Relevance of the credibility of the witnesses
Fraser J was thoroughly unimpressed with the sustained attack that had been made on the claimants’ witness in relation to his credibility and business acumen. Fraser J described these attacks as unwarranted and found that the claimants’ witnesses were largely truthful.
The decision on adverse inference is sandwiched between these comments on the claimants’ witnesses and rather more disparaging comments on the defendant’s witnesses. While the issue of, generally, whose evidence the court prefers is not strictly relevant to whether or not an adverse inference should be drawn, in this case, it seems that the credibility of the witnesses did play a role, even if the judge did not expressly say so. It seems Fraser J was not willing to draw an adverse inference against claimants who, despite being subject to sustained attacks, had given honest evidence, when the defendants’ evidence had not come up to proof.
While the credibility of an opposing party’s witnesses may be seen as an element of deciding whether or not there is a case to answer on an issue on which an adverse inference is sought, the net effect of this is that in some cases it may be better for a party to “take its chances” on not calling a witness if it is thought that that witness may do more harm than good. This is because, even if the court is invited to draw an adverse inference, it may be unpersuaded to do so if the witnesses supporting the case of the party seeking the inference have not been impressive.
In other words, it may be better to say nothing than to say something in the hope that the opposing party’s witnesses cave under cross examination. It is obviously a more risky strategy for a claimant who bears the burden of proving its case.
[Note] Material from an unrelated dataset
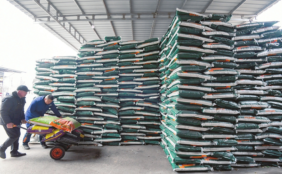 2月24日,長子縣清風(fēng)農(nóng)資連鎖有限責(zé)任公司院內(nèi),工人在搬運化肥。隨著春耕生產(chǎn)臨近,該公司開通綠色通道,24小時不間斷作業(yè),加快化肥裝卸、轉(zhuǎn)運,全力保障春耕備耕。梁棟攝

However, it may be one which, ultimately, pays off.
Lessons to be learned
Trying to judge how witnesses may come across pre-trial is a difficult issue, but this case is a lesson that perhaps taking a more “softly softly” approach would have been more effective than one which the judge seemingly viewed as unnecessarily aggressive. This is particularly so when the defendant’s own witnesses failed to support the defendant’s case on key issues.
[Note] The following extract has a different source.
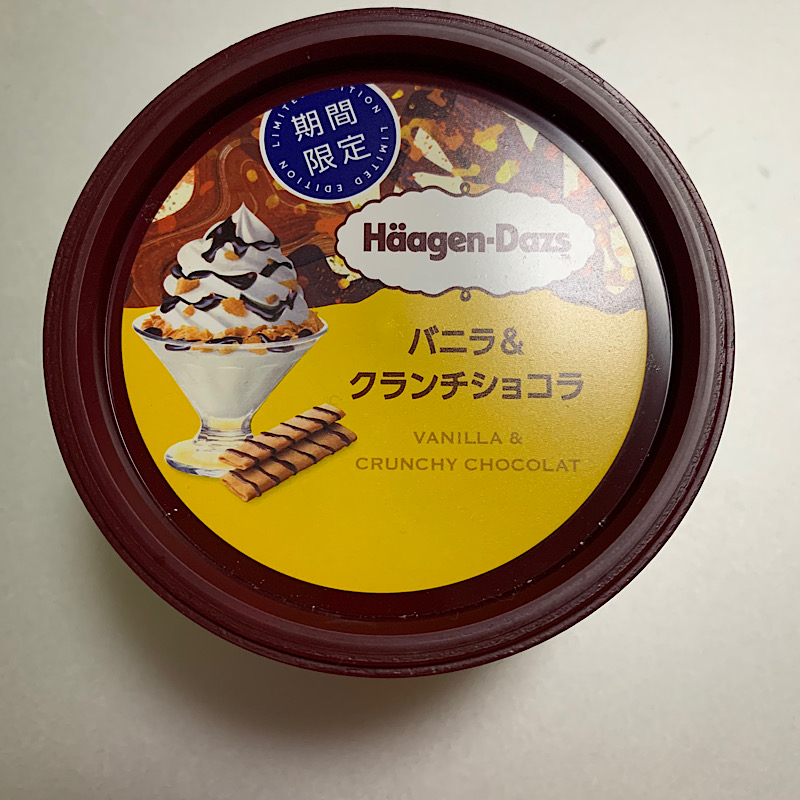 そんな私に好きなおやつの話を振ってきたので、チョコレートと答えると、なんと!勧めてきたのが「期間限定ハーゲンダッツ バニラ&クランチショコラ」だった。

This case is to be contrasted with Fraser J’s decision to draw an adverse inference in Energy Solutions v NDS, where he held that the claimant’s case was almost frustrated by the fact that the defendant had failed to call relevant witnesses. (For example, see paragraph 140 referring to “particular personnel”, paragraph 318 and paragraph 755 referring to a more senior employee not being able to give evidence and leaving a very junior employee to give evidence instead).
The conclusion to be drawn from these cases is that adverse inferences will only likely be drawn where the silence is deafening, that is, where a witness is notable for their absence on an important issue in the case. Mere silence or mere absence is not enough, particularly where the opposing party’s evidence does not come up to proof.